**Data block:**
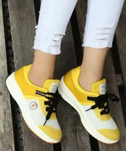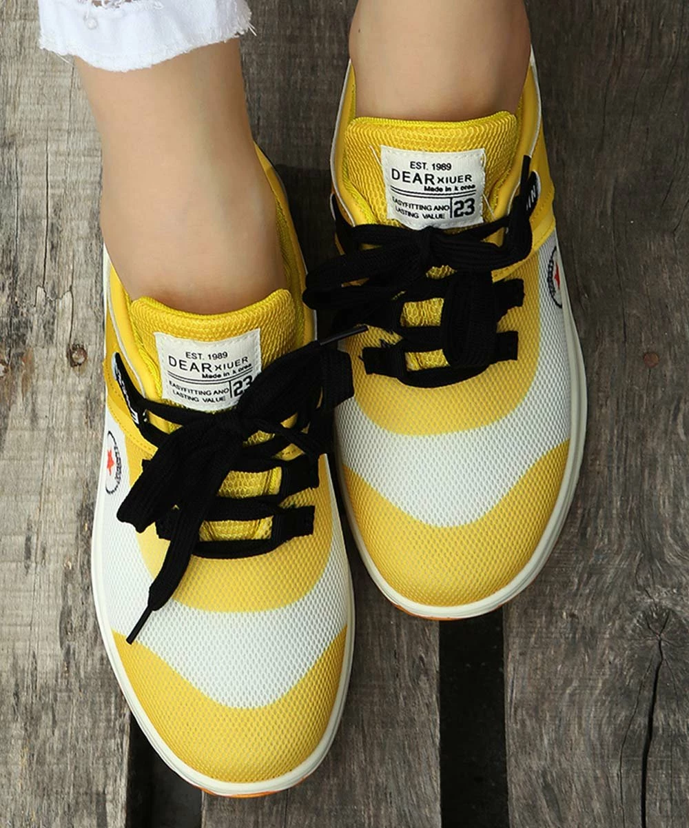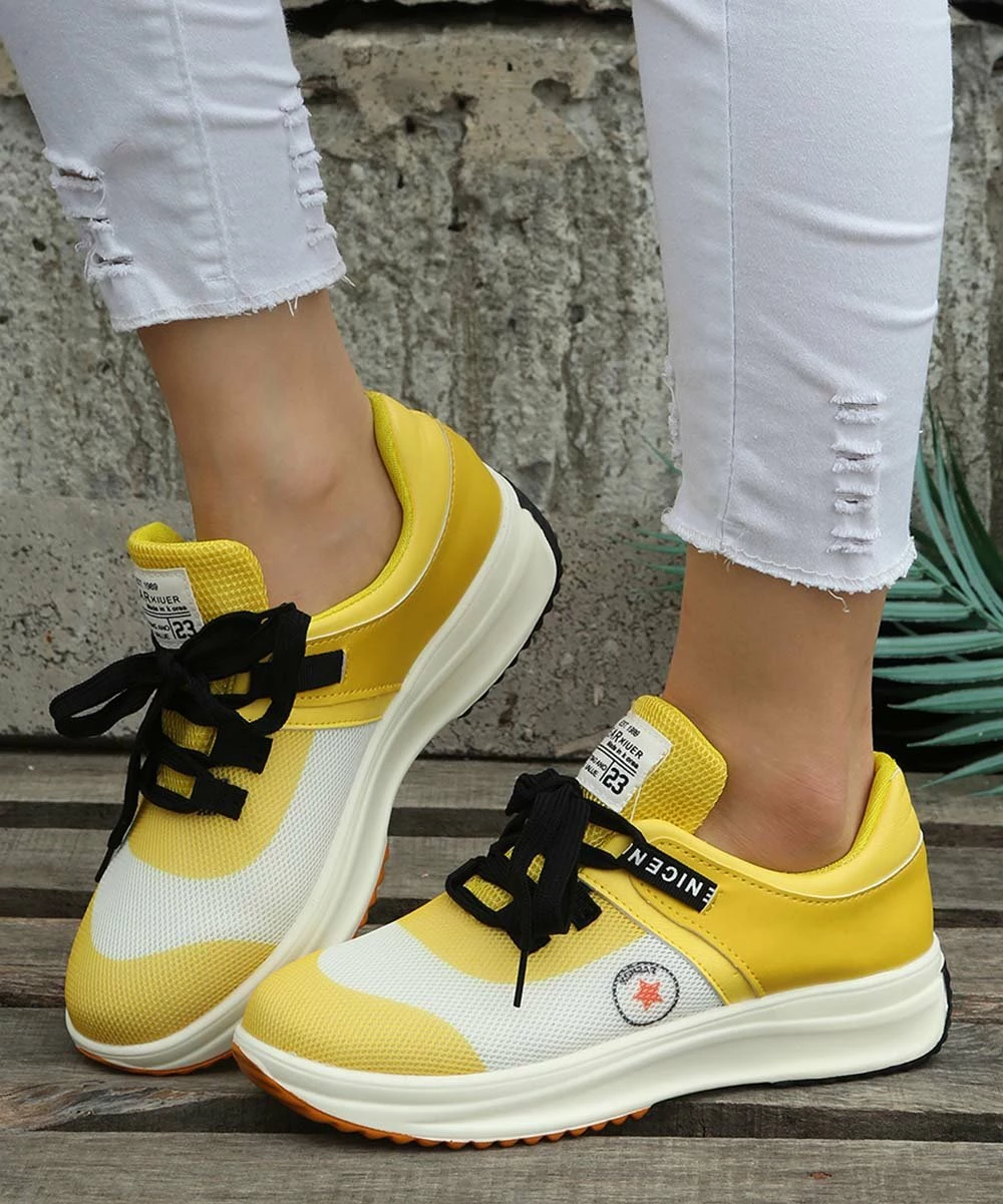 Stay on-trend with these lace-up sneakers that have a color block design and logo accent.
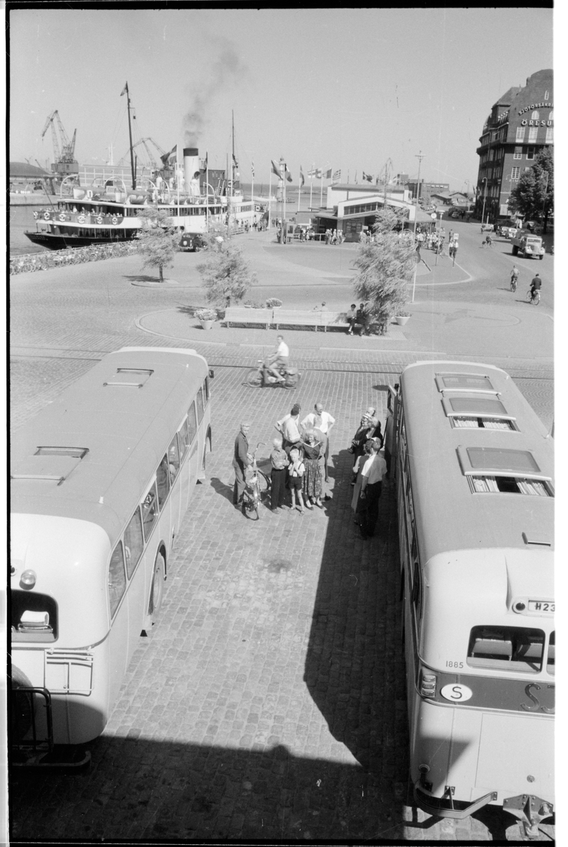 Statens Järnvägar, SJ-bussar i närheten av färjeterminal.
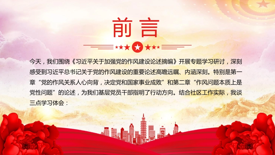 不忘初心黨政黨建工作匯報認真學(xué)習(xí)、貫徹和領(lǐng)會上級各項方針、政策、法規(guī);維護黨的團結(jié)和統(tǒng)一,對黨忠誠老實,言行一致;密切聯(lián)系群眾,向群眾宣傳黨的主張,遇事同群眾商量不忘初心黨政黨建工作匯報認真學(xué)習(xí)、貫徹和領(lǐng)會上級各項方針、政策、法規(guī);維護黨的團結(jié)和統(tǒng)一,對黨忠誠老實,言行一致;密切聯(lián)系群眾,向群眾宣傳黨的主張,遇事同群眾商量以優(yōu)良作風(fēng)筑牢基層堡壘用心用情服務(wù)人民群眾授課人:某某某時間:2025.08.21學(xué)習(xí)《習(xí)近平關(guān)于加強黨的作風(fēng)建設(shè)論述摘編》研討發(fā)言材料不忘初心黨政黨建工作匯報認真學(xué)習(xí)、貫徹和領(lǐng)會上級各項方針、政策、法規(guī);維護黨的團...

**Your instructions:** Copy every line above exactly, leaving no picture in the copy.

**Response:**
 Stay on-trend with these lace-up sneakers that have a color block design and logo accent.
 Statens Järnvägar, SJ-bussar i närheten av färjeterminal.
 不忘初心黨政黨建工作匯報認真學(xué)習(xí)、貫徹和領(lǐng)會上級各項方針、政策、法規(guī);維護黨的團結(jié)和統(tǒng)一,對黨忠誠老實,言行一致;密切聯(lián)系群眾,向群眾宣傳黨的主張,遇事同群眾商量不忘初心黨政黨建工作匯報認真學(xué)習(xí)、貫徹和領(lǐng)會上級各項方針、政策、法規(guī);維護黨的團結(jié)和統(tǒng)一,對黨忠誠老實,言行一致;密切聯(lián)系群眾,向群眾宣傳黨的主張,遇事同群眾商量以優(yōu)良作風(fēng)筑牢基層堡壘用心用情服務(wù)人民群眾授課人:某某某時間:2025.08.21學(xué)習(xí)《習(xí)近平關(guān)于加強黨的作風(fēng)建設(shè)論述摘編》研討發(fā)言材料不忘初心黨政黨建工作匯報認真學(xué)習(xí)、貫徹和領(lǐng)會上級各項方針、政策、法規(guī);維護黨的團...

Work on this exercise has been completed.